Отвлечемся ненадолго от всех этих важных политических событий и посмотрим, что нового происходило в это время при дворе и в Париже.
Печати, наложенные, как мы видели, по приказу короля, были сняты 8 июня. Он присутствовал на этой церемонии, и при нем в комнате Людовика XV были найдены семьдесят тысяч луидоров и различные ценные бумаги на общую сумму в двадцать два миллиона.
Завещание покойного короля, датированное 1766 годом, среди прочих благих распоряжений содержало указание провести его погребение с величайшей простотой. Отдельная статья завещания устанавливала, что внутренности Людовика XV должны были быть переданы капитулу собора Парижской Богоматери, но, даже если бы эта воля покойного короля стала известна вовремя, ее исполнению воспрепятствовало бы разложение, охватившее его тело накануне смерти.
Людовик XV завещал каждой из своих дочерей годовую ренту в двести тысяч ливров, распорядившись разделить долю той из них, что умрет первой, между двумя оставшимися. Каждому из его внебрачных детей было оставлено по завещанию пятьсот тысяч ливров, которые надлежало выплатить единовременно; уверяют, что таких детей насчитывалось шесть десятков и на исполнение одного лишь этого распоряжения ушло тридцать миллионов ливров.
Людовик XVI, упорно противостоявший Марии Антуанетте в вопросе о г-не де Шуазёле, пожелал, тем не менее, вознаградить ее в другом плане за то, что по политическим соображениям отказывался уступить ее воле. Будучи дофиной, она изъявляла желание иметь загородный дом, где она могла бы делать все, что ей будет угодно.
— Сударыня, — через две недели после своего восшествия на престол сказал ей король, — теперь я в состоянии удовлетворить ваше стремление.

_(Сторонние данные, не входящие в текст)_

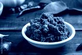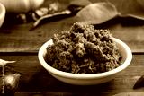 Thai green curry paste in white bowl, made from a mixture of herbs and spices on wood table (prik gaeng keow waan)

Прошу вас принять в дар, для вашего личного употребления, дабы вы могли делать там все, что вам угодно, Большой и Малый Трианоны. Эти прекрасные дворцы всегда были обиталищами возлюбленных королей Франции и, следовательно, должны быть вашими.
Королева сочла Большой Трианон чересчур помпезным для себя и согласилась взять Малый Трианон, но при условии, сказала она со смехом, что король будет являться туда лишь по приглашению.
На другой день Малый Трианон сменил имя и стал называться Малой Веной.
Это благоговение перед воспоминаниями детства было неправильно истолковано. Марию Антуанетту упрекали в том, что она без конца переносит во Францию австрийские нравы, и, словно первый отголосок далекого грома, рядом с ее ухом стало звучать произнесенное вполголоса слово «Австриячка».
И здесь мы вынуждены глубоко погрузиться в подробности личной жизни королевы, ибо, возможно, личная жизнь несчастной Марии Антуанетты еще больше, чем ее общественная жизнь, способствовала росту во Франции ненависти к королеве и в конечном счете привела ее на эшафот.
Однако начнем мы со слов, что, окруженная со всех сторон неприязнью и имевшая со стороны семьи своего мужа поддержку лишь в лице графа д'Артуа, которого нередко обвиняли в том, что он поддерживает королеву, испытывая к ней чувство куда более нежное, чем приличествует деверю, Мария Антуанетта, находясь во Франции, которая не была ее родиной, сталкивалась с клеветой на каждом шагу, подобно тому как в каких-нибудь неведомых странах обнаруживают скорпиона или гадюку под каждым кустом травы.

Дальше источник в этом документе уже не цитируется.